25th June 1999      Soundara Rajan @mcdecom.net

How a Bangalore whizkid became a Silicon Valley posterboy. 
   Up close and digital with Sabeer Bhatia, the man behind Hotmail
 
   By STUART WHITMORE 
   Olivier Laude for Asiaweek

When he was only 28, Sabeer Bhatia got the call every Silicon Valley
entrepreneur dreams of: Bill Gates wants to buy your company. Summoned
to Microsoft's command bunker in Redmond, Washington state, he was
deposited on the new acquisitions conveyor belt. Round and round the 
Microsoft campus he went. All 26 buildings. At every stop, Bhatia's
guide helpfully pointed out the vastness of the Microsoft empire. The 
procession ground on until it reached Gates's office. Bhatia was ushered
in. Bill liked his firm. He hoped they could work together. He wished
him well. Bhatia was ushered out. "Next thing is we're taken into a
conference room where there are 12 Microsoft negotiators," Bhatia
recalls. "Very intimidating." Microsoft's determined dozen put an offer
on the table: $160 million. Take it or leave it. Bhatia played it cool.
"I'll get back to you," he said.
   
Eighteen months later Sabeer Bhatia has taken his place among San
Francisco's ultra-rich.

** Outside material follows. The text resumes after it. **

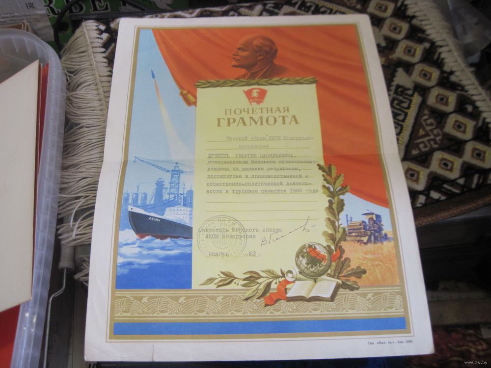 Почетная грамота от Минского обкома ЛКСМБ 1982 г. с рубля!

He recently purchased a $2-million apartment
in rarified Pacific Heights. The place looks like a banker's lair, and
Bhatia acknowledges that the oak paneling and crystal chandeliers
might have to go. He hurries over to picture windows that run the
length of the room and raises the blinds. Ten floors below, the city
slopes away in all directions. The Golden Gate Bridge, and beyond it
the Pacific, lie on the horizon. "This is me," he says. "I bought it
for the view."

A place with a view for a man with a vision. A month after Bhatia
walked away from the table, Microsoft ponied up $400 million for his
startup. Today Hotmail, the ubiquitous Web-based e-mail service,
boasts 50 million subscribers - one quarter of all Internet users.
Bhatia is worth $200 million. He is already working on his followup: a
"one-click" e-commerce venture called Arzoo! And Bhatia is looking
homeward with an ambitious plan to wire India.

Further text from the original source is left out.